*** Opening of SUPPLIED ENTRIES ***
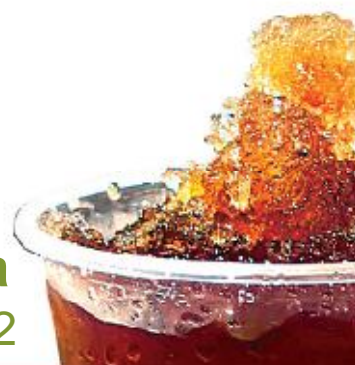
Cola Ref. 0242
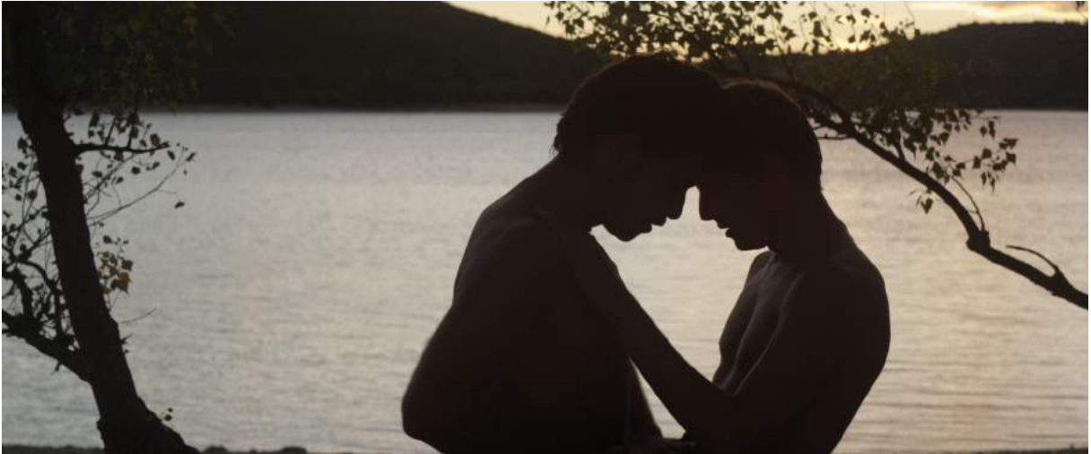
Photogramme de L'Inconnu du Lac d'Alain Guiraudie, 2013, de Franc et Michel

L'inconnu du Lac d'Alain Guiraudie est un film se déroulant majoritairement de jour, en extérieur près d'un lac. Près de ce lac, les baigneurs (généralement naturistes ou homosexuels) se retrouvent mêlés à une série de meurtres.
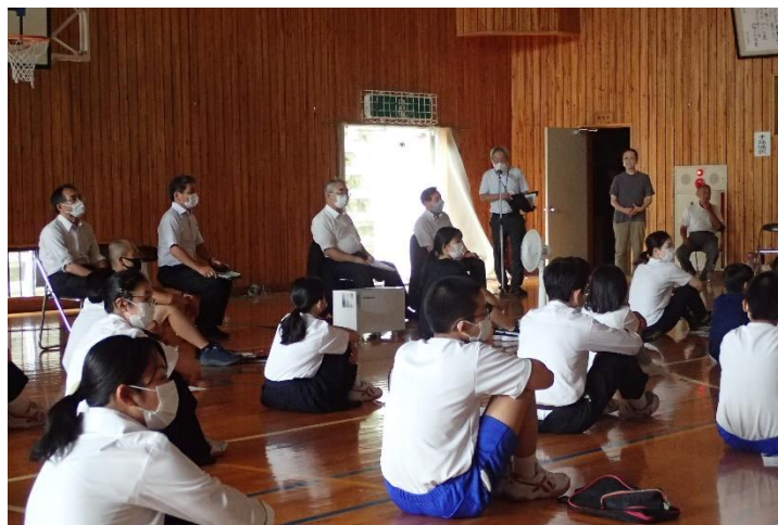
人権を考える市民の集い
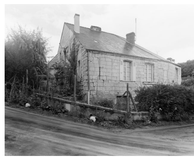
Vue générale de la façade est. IVR52_19964901737V
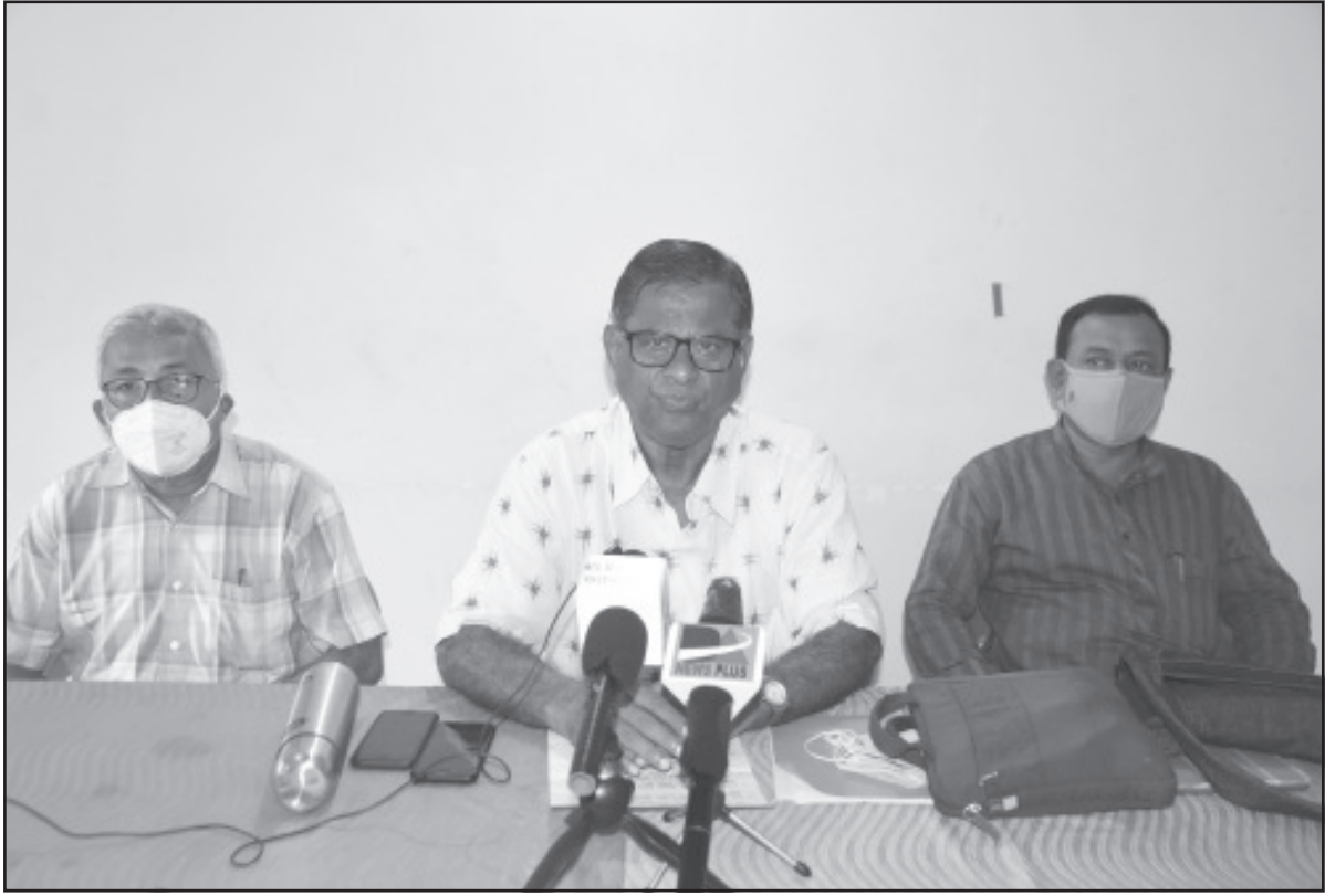
মঙ্গলবার সাংবাদিক সম্মেলনে বক্তব্য রাখেন সিট্রা, ক্ষেত্র মজুর, কৃষক সভা নেতৃবৃন্দ।
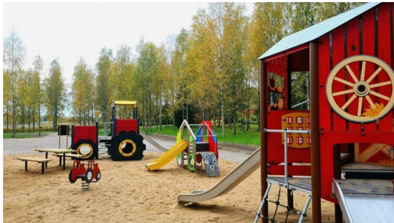
Kuvio 13. Vuonna 2021 valmistunut Hanhen leikkipuisto
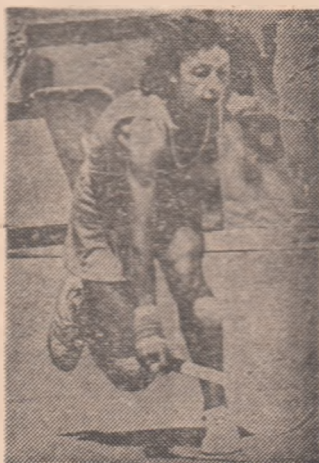
Virginia Ruzici, în timpul partidului de ieri cu Dianne Fromholtz.
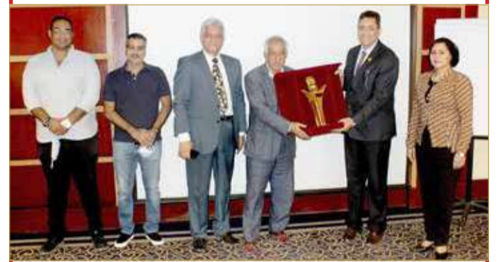
أثناء استلام الجائزة
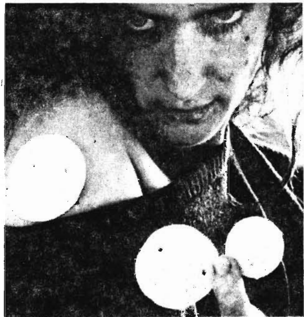
ФРГ. Трудной и болезненной остается по сей день для завалтых куряльщиков проблема расстаться, наконец, с пагубной привычкой. Облегчить им задачу взялись специалисты из южногерманского города Вер.

В роли активного помощника в борьбе с врагом человеческого здоровья должны выступить вот такие «наклейки», что демонстрирует девушка на фотографии. Прилепленные к телу подобие пластины, они содержат никотин, который на протяжении 24 часов порциями поступает через кожу в кровь, заменяя собой этот же алкалоид, вдыхаемый при закуривании сигареты. С ноября сие «лекарство» можно по рецепту приобрести в аптеках страны. «Наклейки» изготавливаются больших и малых размеров и, соответственно, разной силы воздействия. Переход при их использовании от крупных к небольшим обеспечивает постепенное снижение дозы потребляемого организмом никотина.
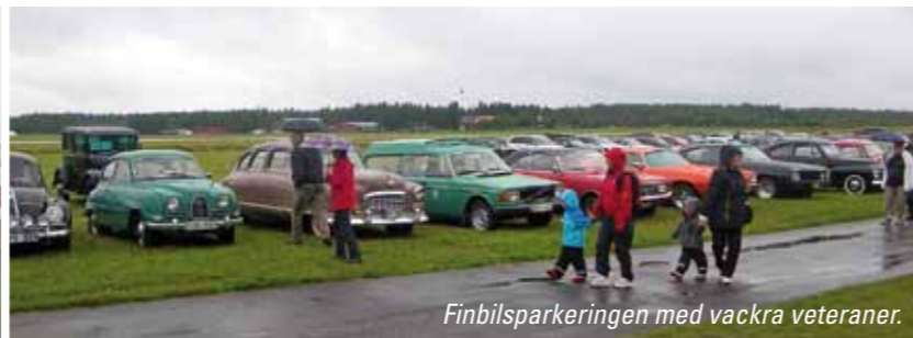
Finbilsparkeringen med vackra veteraner.

På Tekniklandssäsongsens sista dag så kom Motorbranschens Riksförbund och hade sitt 50-årsfirande på Teknikland. En mycket trevlig dag som innehöll både nya bilar som bilhandlarna visade upp och veteranbilsparering som kontrast. Det var godisregn för barnen och helikopteruppstigningar. Även underhållning fanns i form av Philips Combo som underhöll hela dagen! Det fanns alltså något för alla och dagen till ära var det gratis inträde på museet.
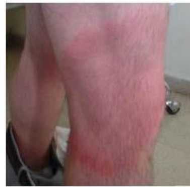
Eritema crónico migrans (Lyme)
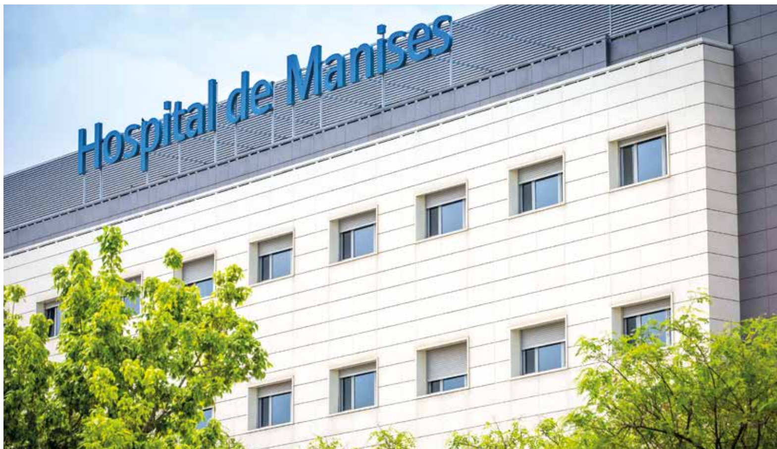
Hospital de Manises
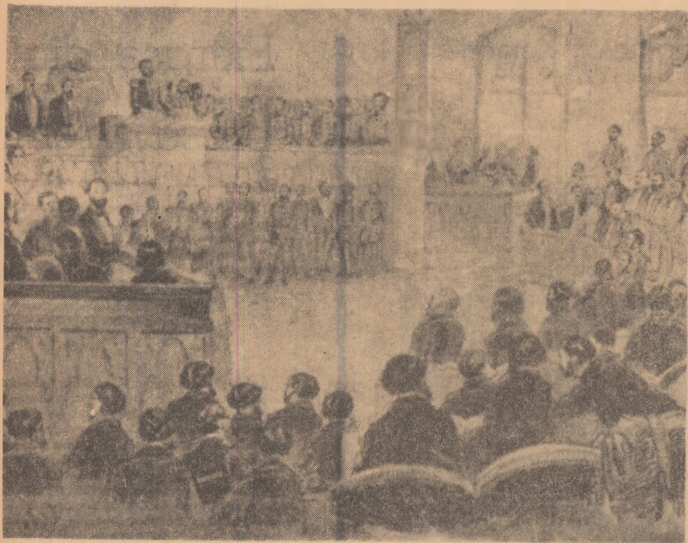
Solemnitatea deschiderii primei Camere naționale de către Al. I. Cuza
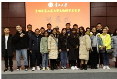
学生在贵州省第二届大学生物理学术竞赛中取得优异成绩
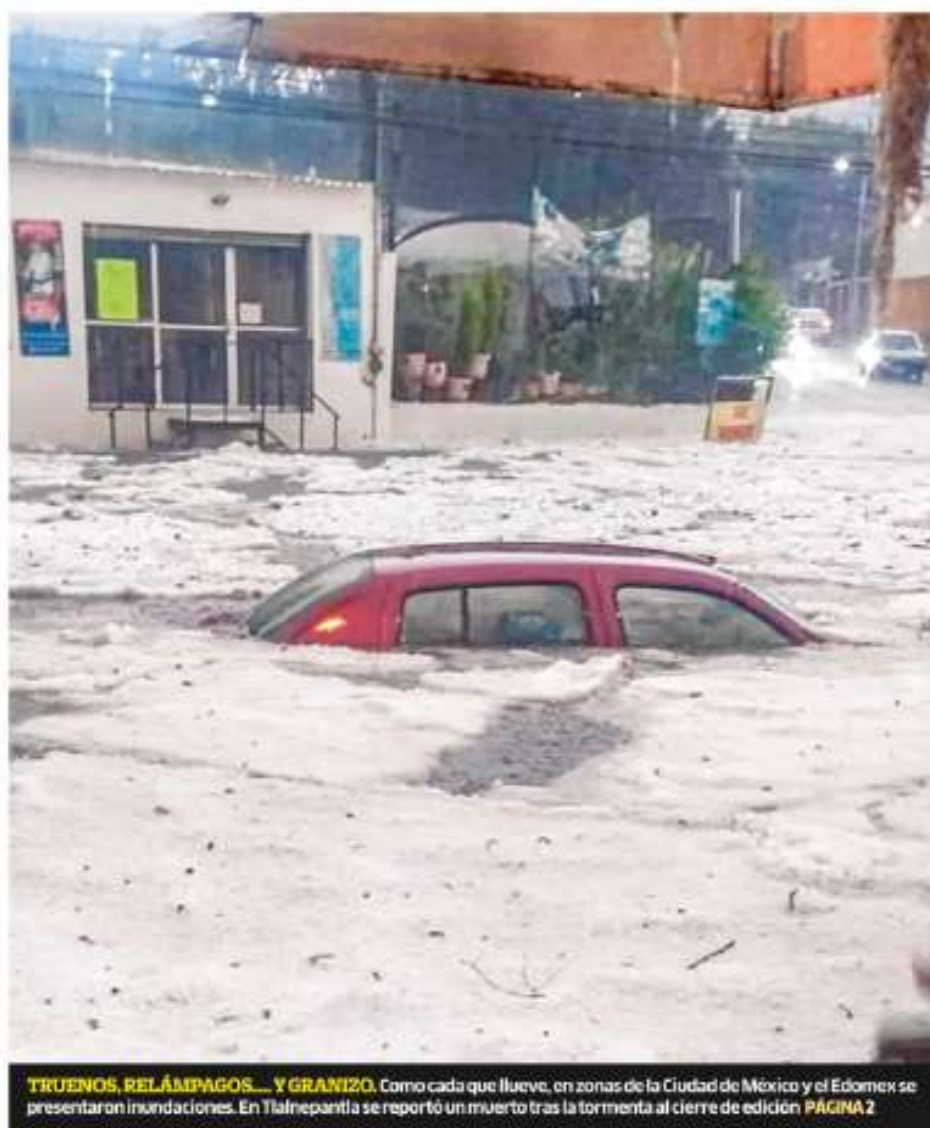
TRUENOS, RELÁMPAGOS... Y GRANIZO. Como cada que llueve, en zonas de la Ciudad de México y el Edomex se presentaron inundaciones. En Tlalnepanitla se reportó un muerto tras la tormenta al cierre de edición PÁGINA 2

Tras el anuncio de la Secretaría de Energía de otorgar a Pemex el control de un yacimiento descubierto por Talos Energy, la firma se dijo "decepcionada" e informó de posibles acciones legales por la medida. El descubrimiento del campo petrolero en 2017 por la firma estadounidense fue posible por la Reforma Energética de EPN, pero el gobierno de AMLO terminó con las asociaciones con privados. Talos redujo su inversión en México de 2019 a 2020 en 79% NEGOCIOS P. 17
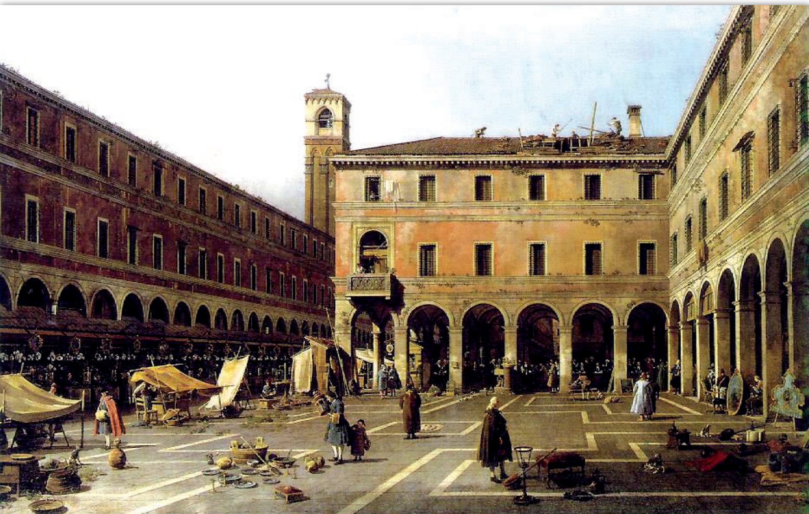
Il Campo di Rialto, Canaletto 1756, Gemäldegalerie, Berlin

RE-INGEGNERIZZAZIONE DELLA PREVENZIONE INDIVIDUALE E PROGRAMMI DI SCREENING: EFFICACIA, QUALITÀ E SOSTENIBILITÀ
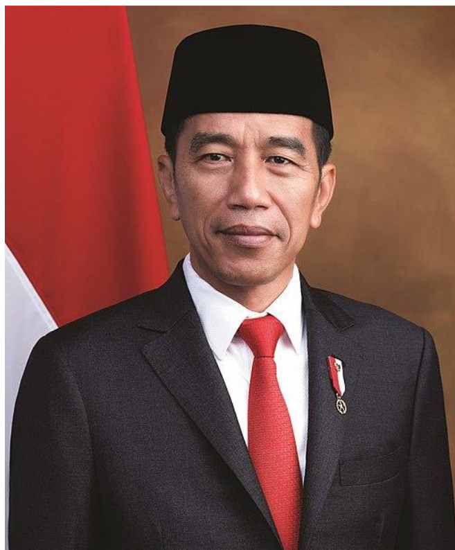
Ir. H. Joko Widodo

Sumber: https://id.wikipedia.org/wiki/B. J. Habibie
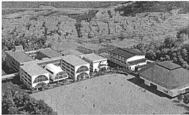
(イメージ図：敷地は現在の須崎工業高等学校)
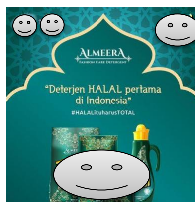
Gambar 6. Contoh iklan non makanan dengan klaim ‘Halal’
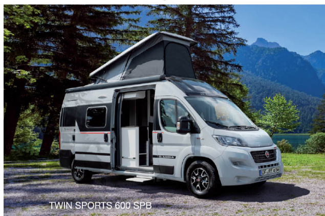
TWIN SPORTS 600 SPB
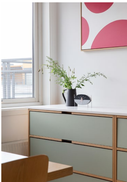
Benkeplatene i hvit Corian oppleves diskret og glir nesten sømløst over i veggene. Spor i skrogene gjør at man får grep om frontene og skaper samtidig et stramt og grafisk uttrykk.
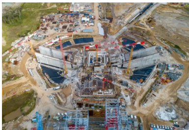
Le massif de lancement est le cœur battant d'ELA 4, c'est sur cet ouvrage semi-enterré en béton armé que s'appuiera le lanceur pour décoller.

À nouvelle fusée, nouvelle base de lancement. Baptisé ELA 4 (ensemble de lancement Ariane n° 4), ce complexe géant qui s'étend sur une surface de 170 ha, équivalente à celle de 240 terrains de football, comporte un ensemble de vingt ouvrages techniques, dont le bâtiment d'assemblage du lanceur et un portique mobile de 90 m de haut. Mais le cœur battant de la base est le massif de lancement. Cet écran géant semi-enterré en béton armé (95 m de long et 60 m de large), sur lequel s'appuie la fusée pour décoller, est posé à 30 m de profondeur dans une fosse creusée dans la roche granitique.
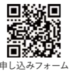
申し込みフォーム

対象 市内在住または在勤の人 定員 ①③12人 ②8人 (先着順) 教材費 実費負担
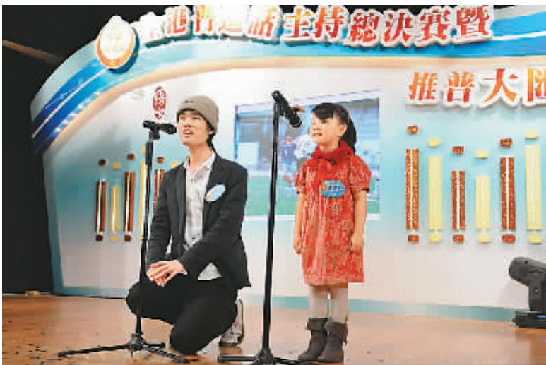
香港广播主持人选拔赛（公开组及中学组）推广普通话大汇演现场。

但有一个事实也不可忽略，以香港教育学院为例，目前仅有一半半修中文的学生普通话水平达二乙或以上，水平有待提高。“就普及而言，普通话在港人心中已不再陌生”，詹伯慧同时表示，还应“提高教学要求，深入研究层面”。
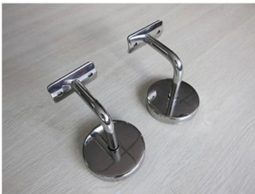
handrail bracket P703R
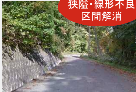
(一) 恐羅漢公園線 (那須)
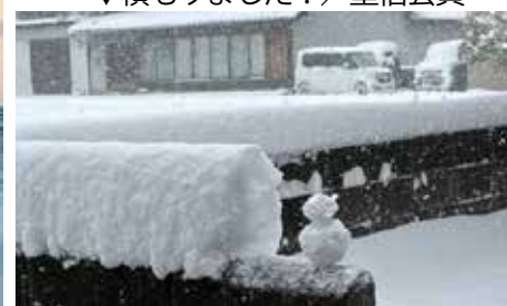
▼積もりました！／重信会員
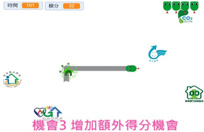
機會3 增加額外得分機會
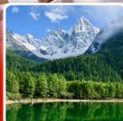
อุทยานปี้เฟิงโกว
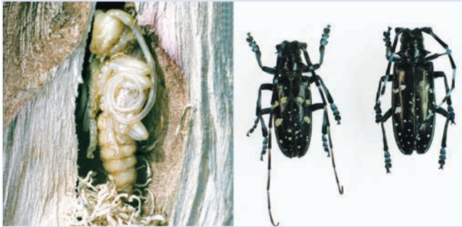
3. Puppe mit grobem Spanpolster in Puppenwiege
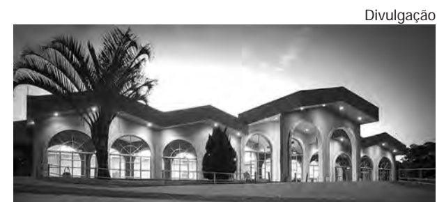
O LOCAL. Monteiro Lobato Espaço de Eventos

A planta também vai contar com fornecedores a apenas um quilômetro de distância, o que vai contribuir com as medidas sustentáveis. A proximidade otimiza o transporte e a logística, reduzindo a circulação de caminhões e o consumo de combustíveis, além de fortalecer o desenvolvimento local.
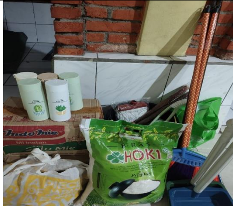
Gambar 1. Bantuan alat kebersihan dan makanan pokok
*** Close of SUPPLIED ENTRIES ***
• ASSIGNMENT:
Range to copy from the records above: the line containing "Hospital de Manises" to the line containing "Tras el anuncio", both included. Output those lines exactly and only those, skipping pictures.

• SOLUTION BELOW:
Hospital de Manises
Solemnitatea deschiderii primei Camere naționale de către Al. I. Cuza
学生在贵州省第二届大学生物理学术竞赛中取得优异成绩
TRUENOS, RELÁMPAGOS... Y GRANIZO. Como cada que llueve, en zonas de la Ciudad de México y el Edomex se presentaron inundaciones. En Tlalnepanitla se reportó un muerto tras la tormenta al cierre de edición PÁGINA 2

Tras el anuncio de la Secretaría de Energía de otorgar a Pemex el control de un yacimiento descubierto por Talos Energy, la firma se dijo "decepcionada" e informó de posibles acciones legales por la medida. El descubrimiento del campo petrolero en 2017 por la firma estadounidense fue posible por la Reforma Energética de EPN, pero el gobierno de AMLO terminó con las asociaciones con privados. Talos redujo su inversión en México de 2019 a 2020 en 79% NEGOCIOS P. 17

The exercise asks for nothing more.